Last week, the famed Doomsday Clock, created in 1947 by the Bulletin of the Atomic Scientists to sound the alarm over the inherently catastrophic nature of nuclear weapons, was set ahead 30 seconds, to two and a half minutes to midnight, the closest it’s been to midnight since 1953.
In announcing the change, Bulletin executive director and publisher, Dr. Rachel Bronson, noted that the decision to move the minute hand ahead was influenced by concerns over the deteriorating global security landscape, particularly with regard to heightened tensions between the US and Russia (which together possess roughly 90 percent of the world’s nuclear weapons). The report also cited the lack of immediate progress in fighting climate change, as well as innovations in “biology, artificial intelligence, and the cyber realm” as cause for concern.
The Bulletin’s well-founded anxiety over the fact that the world’s two nuclear superpowers, the United States and Russia, are currently “at odds in a variety of theaters, from Syria to Ukraine to the borders of NATO” has been exacerbated by recent political developments inside the US.
According to the Bulletin, the actions and statements of Donald J. Trump have “broken with historical precedent in unsettling ways.
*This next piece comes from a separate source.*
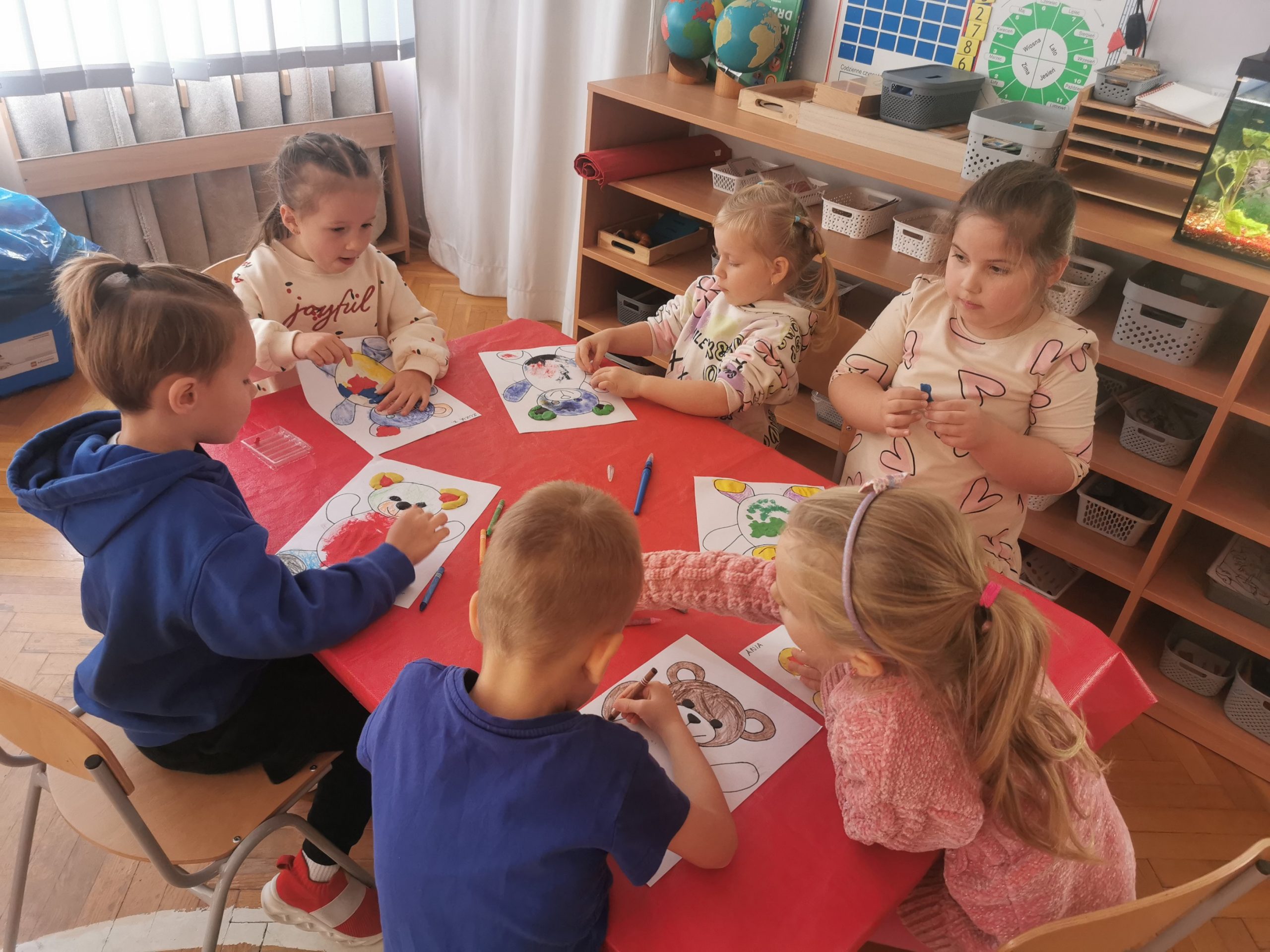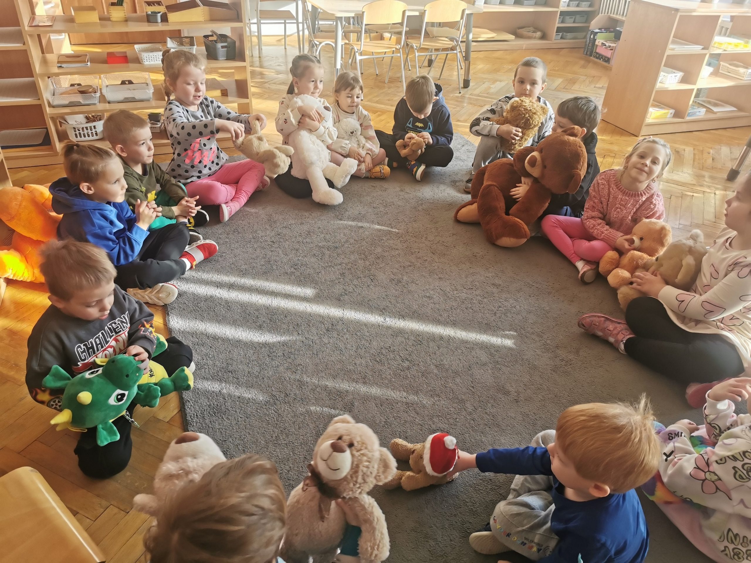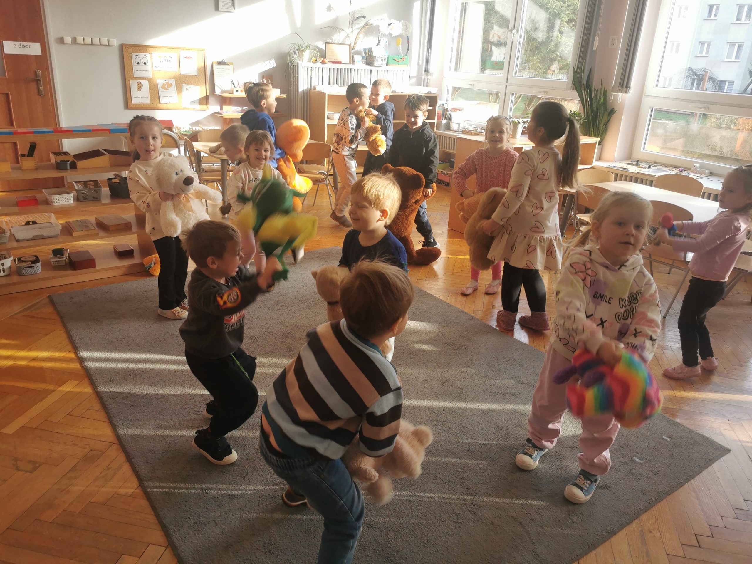 Nasza grupa również włączyła się w obchody tego wyjątkowego dla wszystkich dzieci święta. Tego dnia nasze przedszkolaki przyniosły swoich pluszowych ulubieńców, wśród których, oprócz typowych, pluszowych misiów, pojawiły się w naszej sali pluszowe pieski, kotki, czy małpki.

He has made ill-considered comments about expanding the US nuclear arsenal,” while evincing a troubling propensity to “discount or outright reject expert advice related to international security.”
During the period between the election and the inaugural, Trump tweeted, “The United States must greatly strengthen and expand its nuclear capability until such time as the world comes to its senses regarding nukes.”
Yet by appointing former Texas governor and Dancing With the Stars contestant Rick Perry to oversee the maintenance and development of the US nuclear arsenal, Trump has shown that he is far from coming to his own senses regarding “nukes.”
While other Trump nominees and appointments such as attorney-general nominee Jeff Sessions, White House counselor (and newly minted National Security Council member) Steve Bannon, and Health and Human Services nominee Tom Price, have all garnered widespread criticism, the nomination of Perry to lead the Department of Energy (DOE) has been met with too little concern.
Popular
"swipe left below to view more authors"Swipe →
The New York Times reported in January that Perry eagerly accepted Trump’s offer to lead DOE, an agency with 93,000 employees and a budget of nearly $30 billion, without knowing what it actually does. Perry accepted the job, according to the Times, “believing he was taking on a role as a global ambassador for the American oil and gas industry that he had long championed in his home state.”
As Mr. Perry once memorably said: “Oops.”
Since then, Perry has presumably learned that the Department of Energy, which in recent years has been led by a Nobel Prize–winning physicist (Steven Chu), and later, by an esteemed MIT nuclear physicist (Ernest Moniz), oversees the nation’s nuclear arsenal, to which President Obama had committed $1 trillion dollars to “modernizing” over the next 30 years.
For his part, Russian president Vladimir Putin has made it clear that he has his own nuclear priorities. Speaking in December, Putin, according to The Washington Post, said “We need to strengthen the military potential of strategic nuclear forces…especially with missile complexes that can reliably penetrate any existing and prospective missile defense systems.”
Meanwhile, in another worrying development for global security, Trump seems intent on following through on his campaign promise to create a “big beautiful safe zone” for refugees fleeing the jihadi-fueled violence in Syria. ABC News reported that Saudi autocrat King Salman has agreed to Trump’s proposal to create “safe zones” in both Syria and Yemen.
The idea of a “safe zone” for refugees, while intuitively appealing, simply risks a wider war in the region, given the military assets that would need to be deployed to create it. What’s more, according to Council on Foreign Relations expert Micah Zenko, “we know from UN-declared safe zones in Bosnia-Herzegovina and in sub-Saharan Africa, combatants will use it to rest, recruit, and recover, thereby placing all civilians residing there at grave risk.”
And so, with all that is currently unfolding, what can be done?
Domestically, a good first step in any retreat from Doomsday would be for both Houses of Congress to rally behind the “Restricting First Use of Nuclear Weapons Act of 2017” which was recently introduced by Congressmen Ted Lieu and Senator Ed Markey. Lieu and Markey’s legislation would prohibit the president from launching a nuclear “first strike” unless Congress passes a declaration of war. The bill is necessary now that, in their words, “the U.S. now has a Commander-in-Chief who has demonstrated ignorance of the nuclear triad, stated his desire to be ‘unpredictable’ with nuclear weapons, and as President-elect was making sweeping statements about U.S. nuclear policy over Twitter.”
Internationally, former Soviet President Mikhail Gorbachev recently called for the UN Security Council to convene a meeting of its constituent heads of state and “adopt a resolution stating that nuclear war is unacceptable and must never be fought.”
According to the former Soviet leader, the prevention of nuclear conflict “should become a common goal. Many other problems would then be easier to resolve.”
“The time to decide and act,” says Gorbachev, “is now.”